Edited by Melody Simpson
I have often casually asked people what they wanted from life. In most cases, I got the reply: happiness. Come to think about it, isn’t it sad that so many people want to be happy – because you want something that is essentially currently missing from this life. Maybe I am overthinking this, maybe the people that I asked were not thinking about their answer from that perspective. But the fact remains—all of us could do better with more happiness.
Why is happiness such a rare substance? Why is it that not many of us can say to ourselves, “Yes, I am happy” and that statement be true? I think the problem lies with the concept of happiness and with the fact that we attach being happy with a lot of external factors. Another problem, I believe, is that we wait for others to make us happy. The fact of the matter is, none of that is going to help us reach happiness. It may seem like it on an external factor but internally and in the long run, we don’t have that fulfillment that this short term happiness may have provided us.
The first step we need to take in order to be happy is take charge. Like every other thing in our life, let us take responsibility for our emotional well being. Knowing that we are the only ones that can make ourselves happy will also make us more aware of how we respond to situations. This awareness will help us get a grip on identifying how we choose to feel. That awareness opens us up to understanding why we make the decisions that we make and from there, we can make the choice – our choice alone – to do better for ourselves.
Here are some other things that we should practice to be happy.
Appreciate the Small Things in Life
Remember that famous line, “Money can’t buy happiness?” While many times, we consciously or unconsciously associate happiness with a price tag, being happy has really nothing to do with how pricey we can get. Money can eliminate our financial stress but people with money can still find themselves without peace and joy.

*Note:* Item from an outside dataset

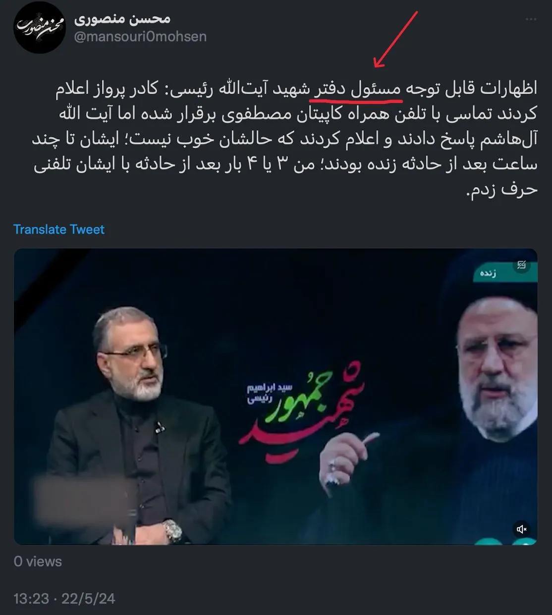 خانه/سیاستجناب آقای منصوری معاون رییس جمهور و سرپرست نهاد ریاست جمهوری درودخواندن1 دقیقه -چهارشنبه 1403/07/11 - 14:47کد خبر5359اشتراکگذاری چرا در توییتتان سمت حقوقی «رییس دفتر رییس جمهور» را در حد «مسوول دفتر آیتالله رییسی» تقلیل دادید؟یعنی حتی از مدیر حوزه دفتر رییس جمهور هم از لحاظ اداری پایین تر است؟سهوی است؟ کمتر از یک دقیقه زمان بگذارید، ثبتنام کنید و نظرتان را زیر همین پست به اشتراک بگذارید.پیامهای توهینآمیز و یا حاوی دعوت به خشونت حذف خواهند شد.ثبت نامدر ادامه بخوانید سربسته نوشته بودم و آذری جهرمی اندکی سر باز سخن گفتخواندن 1 دقیقه ببینید: اسپینوزای ایران؟ | آینده اسلام در جمهوری اسلامی با حضور حاج شیخ عبدالرحیم سلیمانی اردستانیخواندن 1 دقیقه بهروز خان درود برای من خبرنگار ساده سوالی پیش آمده فعالانی در فضای مجازی توییت میزنند و بارها سوال کردند چرا سعید جلیلی در لیست تحریم ها نیست؟خواندن 1 دقیقه پیش از این در مورد این جوان و نسبت های او در عبدی مدیا نوشتهامخواندن 1 دقیقه جناب صحفی درود امیدوارم دادستان منصوب و دادستان ویژه روحانیت تهران همانطور که نسبت به پرونده اتهامی گروه مالی زاویه آن را با صدور قرار واگذاری به دادسرای امور بین الملل تهران ارسال و اعاده کرد...خواندن 1 دقیقهباید خواندخاطرات اکبر هاشمی - ۱ اسفند ۱۳۷۸ - ملاقات عبدالله جاسبی و نگرانی از نتایج انتخاباتفیلم/ سردار مرتضی طلایی کجاست؟خاطرات اکبر هاشمی - ۱۹ شهريور ۱۳۷۸ - مذاکرات دو نفره سیاسی با واعظ طبسی تا هنگام بدرقه به سوی تهران هم ادامه داشته که در نهایت هاشمی ظاهرا از اینجا تصمیم به شرکت جدی در انتخابات مجلس ششم گرفتسوابق ادوار اخیر مجلس شورای اسلامی نشان داد که مجلس در راس امور نیست و در اختیارات فرمانده کل قوا و نیروهای مسلح در هیچ سطحی نمیتواند دخالت و یا مصوبه طی کند، چه برسد که نظارت کندآینده ایران با نامزدهای اعلام شده انتخابات ریاست جمهوری چه میشود؟ / گفتگو با دکتر تقی آزاد ارمکیمیشه با شما احساس خستگی کرد؟یک دامپزشک بسیجی بجای جراح گوش و حلق و بینی سرپرست شبکه بهداشت ایذه شد!خاطرات اکبر هاشمی - ۱۴ شهريور ۱۳۷۸ - دیدار مدیران ارشد دستگاه قضایی با هاشمی رفسنجانی و گله آنان از بی توجهی هاشمی شاهرودی رییس جدید قوه قضاییه ادامه داردخاطرات اکبر هاشمی - ۱۶ شهريور ۱۳۷۸ - در ادامه تلاش های مرحوم واعظ طبسی که در دیدارهای مکرر برای تشویق هاشمی به شرکت در انتخابات اقدام میکرد این بار هم او با هاشمی ملاقات کردخاطرات اکبر هاشمی - ۱۸ شهريور ۱۳۷۸ - ادامه بازدید ها از متعلقات و ابنیه و آثار آستان قدس

Also read: Why Self-Preservation is Important
Here’s an example: You come home from work after a long, hard day and your dog comes running to you and greets you as soon as you open the door. Are you happy? Your 5 year old gifts you a beautiful hand-painted card. Aren’t you happy? You will be if you choose to be. You could either ignore that card, thinking of it as yet another DIY art project that you’ll have to pin on the fridge for awhile until the next one OR you can choose to see the effort that your child has put into making you happy. You can choose to understand that you were in your little one’s thought when she was creating it. That card that your child gave you is priceless. Happiness is looking beyond price and looking at value. When we do not feel valued, our happiness can diminish. This is why just being a provider is not enough. There is more to happiness than providing necessities. So when you notice the small things that make you happy, hold onto these things, which you can always have whether money is in the picture or not.
Do things that make you happy. Painting, dancing, cooking, reading… it can be anything. It is so important that you are in touch with your innermost desires. Feeding these desires feeds your soul and your soul will be so happy. I know it is easier said than done. But we have to do all that we can o nurture our soul, no matter what. You cannot serve others and keep them happy for long if you yourself go on depriving yourself of things that make you happy. Where’s the time? You have to make time for this in your daily routine. No one else will make the time for you. You are your biggest advocate. If you love reading, reserve 30 minutes every night after dinner or before everyone wakes up to do just that. Or take your half hour or hour break to listen to an audiobook while you eat and relax. You don’t need hours on end to pursue your object of happiness, although that would be wonderful. If you want, you can devote a day off each week to your desire. Or every Saturday afternoon. Do what works for you. Don’t hesitate to make known to your loved ones what time is meant for you and you alone. Reserve those 30 minutes for yourself and do not let anyone take that time away from you. Stand firm in this. When others around you see that you are serious about this time for yourself, they too will give it to you (and perhaps even begin to carve out their own “me time”). Try it.
Most of us know about endorphins, right? Those feel-happy hormones that are released when we exercise? Yes, that’s there, and there is also the BDNF or Brain-Derived Neurotrophic Factor. As we start exercising, our brains read it as a distress signal and release BDNF that protects and repairs the memory and eventually makes us happy. It really pays to go for a run around the block! It can be a 15-20 minute run or an hour walk. Find a workout that’s right for you and gets your blood flowing three to five times a week.
Talk to Loved Ones / Hang Out with Loved Ones
When’s the last time you had a heart to heart with a friend? When’s the last time you’ve hosted or been to a game night or trivia night? How about the last time you went to a drive-in movie? Find ways to switch up your favorite activities and find new activities to throw into the mix. Maybe a pizza party where everyone makes their own personal pizza from scratch. Perhaps a karaoke night is in your future! Maybe a scrapbook party with a printer nearby so that everyone can make copies of their favorite photos that other people in the group own. Take a walking tour in a nearby city with your pals. Expand what it means to have fun and explore with your loved ones and find joy in surprises along the way.
Declutter Your Life
Surround yourself with things that make you happy. If you cannot find the joy, the purpose in the things that are in your home, in your space, your safe haven, remove those things. There is no space for things that do not add value to your life so don’t be shy about decluttering and clearing your space, clearing your mind, and making room for the things that bring you joy.